Under the Fair Work Act 2009 the safety net for Australian employees is made up of three parts:
1. The National Employment Standards (NES);
2. Annual adjustments to the National Minimum Wage; and
3. The system of Modern Awards.
Under the safety net system, employees are protected by legislated minimum standards for pay and
conditions that cannot be ‘stripped away’ by employers. Previously under WorkChoices the Australian
Fair Pay and Conditions Standard (AFPCS) contained only five minimum conditions, and the 20
allowable matters previously dealt with in awards were reduced to 16. Rules on long service leave, notice
of termination, jury service and superannuation were removed.
The ten National Employment Standards took effect from January 1st 2010 and are listed in Table 17.2.
They are more comprehensive than the five minimum conditions contained in the former AFPCS and
provide a minimum safety net for employees on awards as well as employees on common law contracts.
Table 17.2: The Ten National Employment Standards of the Safety Net
1. Maximum weekly hours of work: 38 hours for full time employees plus ‘reasonable’
additional hours.

2. Request for flexible working arrangements: requests by parents with pre-school aged children but
the employer can refuse the request on ‘reasonable business grounds’.

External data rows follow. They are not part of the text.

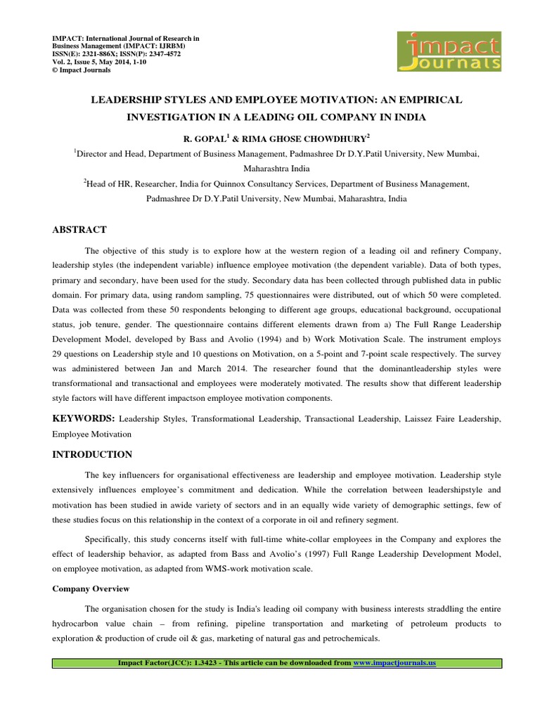 Pdf The Impact Of Leadership Style On Employee S Motivation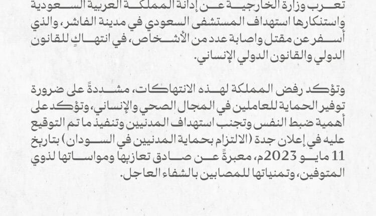 متابعات- الزاوية نت- أعربت وزارة الخارجية السعودية، عن إدانتها واستنكارها استهداف المستشفى السعودي في مدينة الفاشر، والذي أسفر عن مقتل واصابة عدد من الأشخاص، في انتهاك للقانون الدولي والقانون الدولي الإنساني.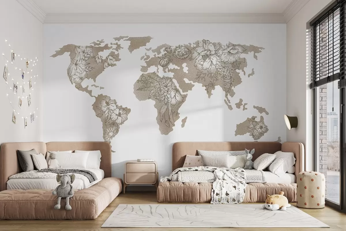Fotomurales Diseño floral del mapa del mundo Nr. u99734

3. Parental leave and related entitlements: parents are entitled to 12 months unpaid parental leave.

4. Annual leave: 4 weeks annual leave is guaranteed to full time employees.

5. Personal/carer’s and compassionate leave: up to 10 days paid personal leave and two days
unpaid carer’s or compassionate leave for full time employees.

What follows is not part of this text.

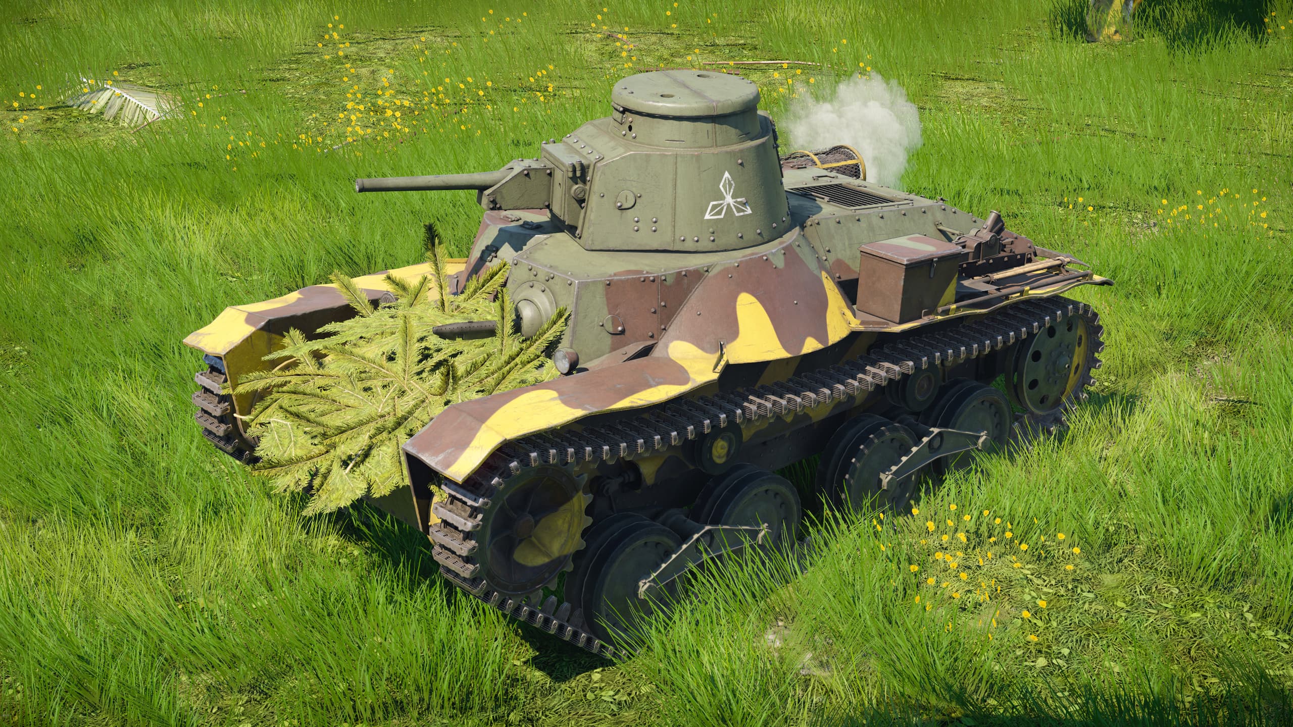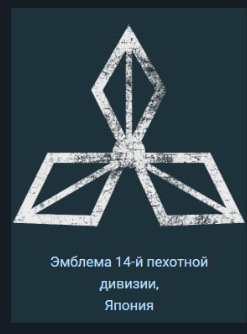 Эмблема 14‑й пехотной дивизии Императорской армии Японии. Знак дивизии явно напоминает логотип Mitsubishi, и хотя существуют косвенные доводы в пользу того, что сходство было намеренным, убедительных доказательств немного. 14‑я дивизия использовала танки Ha‑Go производства Mitsubishi, а в 1940‑е логотип компании нередко изображали в более ромбовидной форме, близкой к эмблеме дивизии. Возможно, это и визуальная отсылка к условному наименованию соединения «照兵団» («Сияющая дивизия»): эмблема призвана имитировать лучи света. В поздние годы войны подобные знаки часто были менее стандартизированы и более неформальны, поэтому с уверенностью трактовать их сложно. Эмблему наносили на борта башни танков Ha‑Go этой дивизии во время её развёртывания на Пелелиу в 1944 году.

6. Community service leave: unpaid leave including jury duty, community and emergency services.

7. Long service leave: as provided for in the relevant award covering an employee.

8. Public holidays: provides for paid public holidays, with an employer able to make a ‘reasonable
request’ for an employee to work on a public holiday, and the employee may refuse on
‘reasonable grounds’.

9. Notice of termination and redundancy pay: employees must be given written notice of
termination, and redundancy pay depends on the years of service of an employee.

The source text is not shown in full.